Rasulullah saw. bersabda: “Sesungguhnya Allah memerintahkan Yahya bin Zakariya dengan lima kalimat untuk melaksanakannya dan memerintahkan Bani Isra’il supaya mereka mengerjakannya.” Lalu Nabi saw. bersabda: “Saya perintahkan kepada kalian dengan lima hal yang Allah memerintahkanku dengannya, yaitu untuk mendengar, taat, jihad, hijrah, dan berjama’ah. Karena orang yang menyelisihi jama’ah sejengkal saja, maka dia telah melepas tali Islam dari punggungnya, kecuali bila ia kembai.” (HR Ahmad [16178] dan Tirmidzi [2863]).

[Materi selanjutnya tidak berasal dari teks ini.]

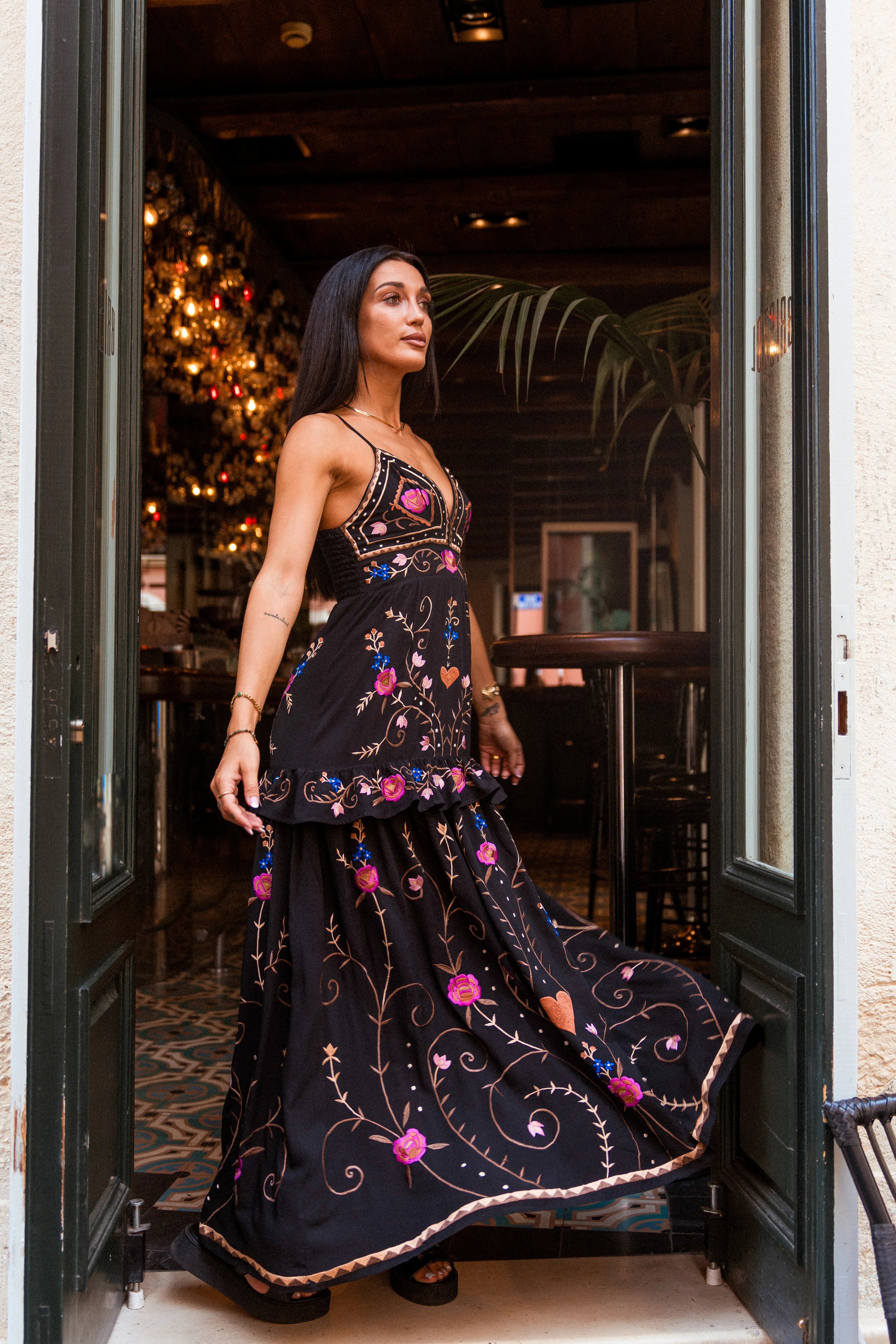 The Zaimara Valletta Maxi brings the wow with delicate floral embroidery that pops. This sassy number features adjustable straps and a stretchy shirred back for that perfect fit. The bouncy cascading ruffle adds an extra swish to your step.

Berkata Ibnu Umar r.a., Umar telah berkhutbah seraya berkata, “Wahai manusia, saya beridiri di depan kalian adalah mewakili Rasulullah saw., beliau bersabda: ‘Saya wasiatkan kalian dengan para sahabatku, kemudian orang-orang setelah mereka, dan kemudian orang-orang setelah mereka. Sungguh, setelah mereka akan muncul berbagai kedustaan, hingga ada seorang lelaki yang berjanji tapi tidak menepati janjinya. Ada orang yang menjadi saksi tapi kesaksiannya tidak dapat dijadikan sebagai saksi. Dan, tidaklah seorang lelaki berkhalwat dengan seorang wanita kecuali ketiganya adalah syaitan. Hendaknya kalian berjama’ah dan jangan berpecah-belah. Karena syaitan bersama orang yang sendirian, dan syaitan lebih jauh dari orang yang berdua. Barang siapa yang menginginkan baunya surga, maka hendaklah ia melazimi jama’ah’.” (HR Tirmidzi [2165] dan Ahmad [115]).

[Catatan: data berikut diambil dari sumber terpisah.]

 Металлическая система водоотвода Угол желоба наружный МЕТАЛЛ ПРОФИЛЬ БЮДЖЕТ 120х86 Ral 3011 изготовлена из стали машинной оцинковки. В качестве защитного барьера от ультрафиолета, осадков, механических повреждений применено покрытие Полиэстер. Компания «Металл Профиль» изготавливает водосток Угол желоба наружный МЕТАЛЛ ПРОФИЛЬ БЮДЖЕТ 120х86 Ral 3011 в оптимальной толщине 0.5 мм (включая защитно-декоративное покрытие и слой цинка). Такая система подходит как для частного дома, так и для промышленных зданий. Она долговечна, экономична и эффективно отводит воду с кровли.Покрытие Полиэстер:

4. Sejarah Para Sahabat Nabi


Perbedaan pendapat sering kali terjadi di kalangan para sahabat, tapi hati dan jiwa mereka tetap bersih.

Di dalam kitab Fathul Bari, Ibnu Hajar pernah mengutip penjelasan Al-Qurtubi, orang yang memperhatikan dan mengkaji perselisihan yang terjadi antara Abu Bakar r.a. dan Ali r.a. dengan adil, maka dia akan mengetahui bahwa mereka saling mengakui keutamaannya masing-masing, dan hati mereka tetap terbangun untuk saling menghormati dan mencintai.

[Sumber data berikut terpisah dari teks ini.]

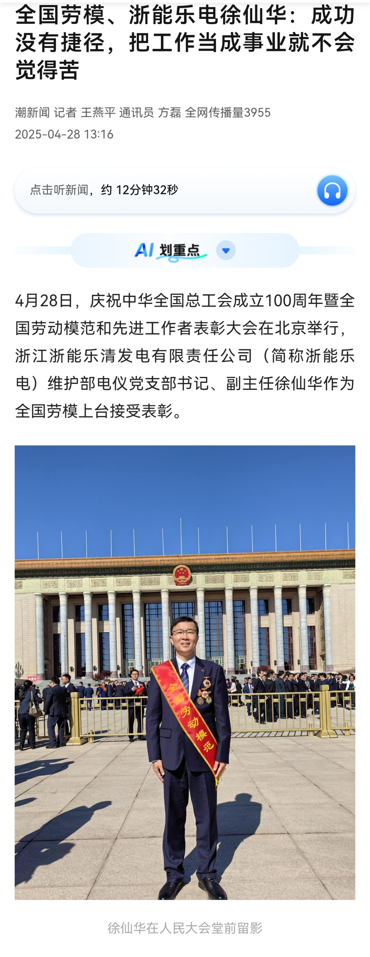 4月28日,潮新聞報道《全國勞模、浙能樂電徐仙華:成功沒有捷徑,把工作當成事業(yè)就不會覺得苦》。 潮新聞 提供

Dari Hisyam bin ‘Urwah, dari ayahnya berkata, saya pernah mencela Hasan r.a. di depan ‘Aisyah r.a., maka dia berkata, “Jangan kamu mencelanya, karena dia telah mendapatkan bau harum dari Rasulullah saw.” (HR Bukhari [6150]).

Begitu juga dengan Ibnu Abbas r.a., ia pernah memuji Ibnu Zubeir di tengah perselisihan yang terjadi di antara mereka berdua. Ibnu Mulaikah berkata, “Di antara mereka berdua pernah terjadi perselisihan sehingga saya mendatangi Ibnu Abbas dan berkata, ‘Apakah engkau ingin membunuh Ibnu Zubeir dengan melanggar aturan Allah?’ Maka Ibnu Abbas berkata, ‘Saya berlindung kepada Allah, sesungguhnya Allah telah menetapkan bagi Ibnu Zubeir dan Bani Umayah untuk berselisih. Dan saya, demi Allah, tidak akan ikut campur.’ Ada orang yang berkata kepadanya, ‘Orang-orang telah membai’at Ibnu Zubeir.’ Lalu beliau berkata, ‘Apakah perkara itu salah? Bukankah ayahnya adalah seorang hawari (pendamping Nabi saw., yang dimaksud adalah Zubeir), sedangkan kakeknya adalah sahabat Rasulullah saw. ketika di Gua Hira? Abu Bakar, ibunya adalah Asma’, bibinya adalah umul mukminin ‘Aisyah; bibinya juga adalah istri Nabi saw., Khadijah; neneknya adalah bibi Nabi saw., Shafiyah; Abdullah bin Zubeir adalah seorang yang baik dalam keislamannya dan pembaca Al-Qur’an’.”

Begitu juga dengan Ibnu Mas’ud r.a., ia sering sekali menyelisihi pendapat Umar bin Khatab r.a. Meski demikian, sungguh hati mereka selalu bersih, tidak ada tempat bagi hawanafsu di hatinya. Perselisihan yang terjadi di antara mereka tidak mengurangi sedikit pun keadilan mereka, dan tidak mengarah kepada permusuhan.

5. Jama’ah

Di antara nama lain Ahlus Sunnah adalah jama’ah. Mereka sangat bersungguh-sungguh menyerukan kepada persatuan. Bagaimana tidak, mereka adalah jama’ah dan kelompok sawadul a’zham (kelompok mayoritas).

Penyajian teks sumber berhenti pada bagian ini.